Sierra's father was at war in Vietnam when she was born so she has to accept what her mother tells her about him being a very different person before he was sent away.

"For all the time I've known him my dad was a brute - and not just a brute but a killer," says Sierra.

"I don't mean the people he killed in the course of the war," explains Sierra, "but the people he allegedly killed or maimed or threatened to kill in civilian life."

"Mom blamed his behavior on the war - and that's why she never left him," says Sierra, "but as I grew up and met more kids born to Vietnam Vets I could see that my dad's behavior was not typical - in fact he behaved nothing like the other dads who were mostly very gentle."

"Even though mom denies it, I believe that there must have been something evil in my father long before the war," sighs Sierra. "How else could the so-called nice guy my mom married have turned into a monster? "

"It's possible his experience of Vietnam was more terrible than anyone's elses," says Sierra, "but I still don't think that's a legitimate excuse for how he treated us."

"He terrorized my brother and I - and my mother," explains Sierra. "Hardly a day would go by without one of us being physically assaulted, tortured or threatened with a throat slitting."

"At nights it was very bad but it was also horrible when he would take us out in the car for a drive somewhere and threaten to kill us all in a car smash."

"He would deliberately drive up a hill and then take the car out of gear and let it run crazily backwards," says Sierra. "My brother and I would sit in the back terrified and crying while my mom would try to find the break and he would laugh like a mad man."

"He drank a lot and smoked dope but I don't know whether substance abuse in itself would cause such behavior."

"When his boss at the factory died in suspicious circumstances dad got questioned by the police," says Sierra, "but they never pinned it on him."

"We know better because dad boasted that he had booby trapped the guy."

"Several other people died around dad in similar suspicious circumstances but he evaded every inquiry."

"We lived in constant fear - not only of our lives but of those around us."

"He was even more brutal towards animals," sighs Sierra.

"I brought home a stray dog one day and because it howled throughout the night dad slit its throat."

"I will never forget waking up that morning and finding the dog dead."

"As far as our material life was concerned dad never wanted for much and neither did we," says Sierra. "He was involved in drug dealing and stuff like that."

"Mom was more concerned about the stuff he brought home than the people he was killing," sighs Sierra.

"I suppose she feared that by accepting stolen goods she would be classed as an accomplice - but it never stopped her from using the stuff."
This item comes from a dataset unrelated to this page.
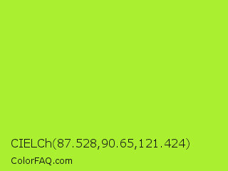 CIELCh 87.528,90.65,121.424 Color is a normal green color and the nearest color is Green Lizard #a7f432. Hex code #aaf031 and RGB value is rgb(170,240,49). In RGB color space, this color is composed of 67% red, 94% green, 19% blue, In CMYK color space, this color is composed of 29% cyan, 0% magenta, 80% yellow , 6% black , In HSL color space, this color has a hue angle of 82° , 86% saturation and 57% lightness.

"At one time he had five stolen cars on the front lawn."

"We moved around a lot - never staying in one place long - so dad was never reported by concerned neighbors for assaulting us or for stealing stuff."

"Dad's brutality finally caught up with him when he was seen knifing a guy outside a bar," says Sierra.

"I was fourteen and my brother was twelve when dad was sent to prison."

"My brother and I didn't cry but mom did - she still blamed his behavior on the war."

"The legacy of a childhood lived with a brutal father includes nights when I wake up at the slightest noise - fearing my father will lurch through the door with a hammer or a knife in his drunken hand - and days when I refuse to drive up hills - fearing the car will slip back - but it also covers such things as not wanting to have children and not even wanting to have a pet."

"After seeing that poor little dog with its throat slit I couldn't bear to have a pet."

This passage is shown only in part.